# Meet Monty Toast, or... Toast. : P



## FrenchToast (Sep 4, 2009)

Toast giving me the evil eye. : P









Just showin' off his pretty colors! He was also getting huffy. x D









My gorgeous baby boy. He's sooo sweet and loving.

I bought him from Melissa's Hedgie Row. She's a really good breeder, all her babies are healthy and balls of cuteness. 'Cept one little girl was adorably huffy!

Hope you like him. ; D


----------



## LizardGirl (Aug 25, 2008)

Awww, the last pic is adorable!
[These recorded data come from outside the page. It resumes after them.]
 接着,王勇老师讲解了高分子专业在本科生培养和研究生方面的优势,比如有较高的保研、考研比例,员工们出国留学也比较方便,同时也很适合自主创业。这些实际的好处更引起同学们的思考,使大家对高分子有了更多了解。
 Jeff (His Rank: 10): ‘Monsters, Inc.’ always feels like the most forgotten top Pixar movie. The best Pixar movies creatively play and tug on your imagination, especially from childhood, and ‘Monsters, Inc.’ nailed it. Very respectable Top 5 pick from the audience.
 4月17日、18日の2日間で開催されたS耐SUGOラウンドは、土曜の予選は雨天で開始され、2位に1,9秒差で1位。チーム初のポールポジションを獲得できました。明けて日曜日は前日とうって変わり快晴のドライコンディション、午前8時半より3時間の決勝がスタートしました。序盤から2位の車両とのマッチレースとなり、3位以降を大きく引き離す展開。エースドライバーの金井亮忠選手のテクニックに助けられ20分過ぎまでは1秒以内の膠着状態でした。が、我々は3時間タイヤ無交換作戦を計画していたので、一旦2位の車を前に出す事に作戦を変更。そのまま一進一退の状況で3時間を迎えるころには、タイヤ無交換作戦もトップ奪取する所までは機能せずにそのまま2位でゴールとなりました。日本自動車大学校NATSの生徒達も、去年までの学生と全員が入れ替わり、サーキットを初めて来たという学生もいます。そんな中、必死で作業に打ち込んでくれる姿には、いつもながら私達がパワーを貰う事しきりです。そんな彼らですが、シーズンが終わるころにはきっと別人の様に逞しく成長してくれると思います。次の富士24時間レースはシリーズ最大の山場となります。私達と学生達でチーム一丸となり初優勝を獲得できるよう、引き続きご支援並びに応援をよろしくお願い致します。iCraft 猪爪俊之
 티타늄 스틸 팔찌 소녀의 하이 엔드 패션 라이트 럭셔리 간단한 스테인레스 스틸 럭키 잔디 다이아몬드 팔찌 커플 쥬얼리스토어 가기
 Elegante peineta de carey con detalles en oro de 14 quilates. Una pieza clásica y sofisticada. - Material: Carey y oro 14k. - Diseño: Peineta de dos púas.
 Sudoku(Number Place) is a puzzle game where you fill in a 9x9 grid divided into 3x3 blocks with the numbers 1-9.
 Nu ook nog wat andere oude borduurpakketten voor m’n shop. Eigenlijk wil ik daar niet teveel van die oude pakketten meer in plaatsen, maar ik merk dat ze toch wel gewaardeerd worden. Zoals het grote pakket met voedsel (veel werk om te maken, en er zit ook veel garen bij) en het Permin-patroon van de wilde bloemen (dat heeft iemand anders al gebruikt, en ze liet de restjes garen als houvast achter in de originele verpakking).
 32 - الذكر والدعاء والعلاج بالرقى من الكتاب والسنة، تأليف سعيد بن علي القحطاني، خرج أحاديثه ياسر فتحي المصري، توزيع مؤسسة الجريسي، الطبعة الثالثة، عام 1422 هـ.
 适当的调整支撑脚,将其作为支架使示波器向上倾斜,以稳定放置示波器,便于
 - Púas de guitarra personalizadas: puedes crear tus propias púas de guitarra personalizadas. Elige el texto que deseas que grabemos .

Congratulations.


----------



## CuteHedgieGirl (Aug 28, 2009)

O...M...G :shock:

He is SO cute!!!!!!! His color is adorable, do you know what it is?
it looks almost EXACTLY like my baby Latte


----------



## FrenchToast (Sep 4, 2009)

Thanks!
According to Melissa he'll probably be a Algerian Chocolate.
But I'm hoping he'll look like his mom, who was a Choco-Snowflake.

And they're long lost siblings! : O


----------



## CuteHedgieGirl (Aug 28, 2009)

FrenchToast said:


> Thanks!
> According to Melissa he'll probably be a Algerian Chocolate.
> But I'm hoping he'll look like his mom, who was a Choco-Snowflake.
> 
> And they're long lost siblings! : O


 :lol: maybe.

I like the snowflake color too, Latte is already getting white quills all over.
her dad was a snowflake so im thinking she might. i don't know though.
she has TONS on the back side of her, you cant really tell in the pic's though
and she has them all over now too

Post some more pics when you get a chance and tell us how things are going.
good luck and congrats, i know its exciting!


----------



## Anny (Jul 17, 2009)

Congratulations on your new little hog, what a cutie!!!


----------



## raisinsushi (Jun 13, 2009)

Aww what a cutie, i love the name TOAST!


----------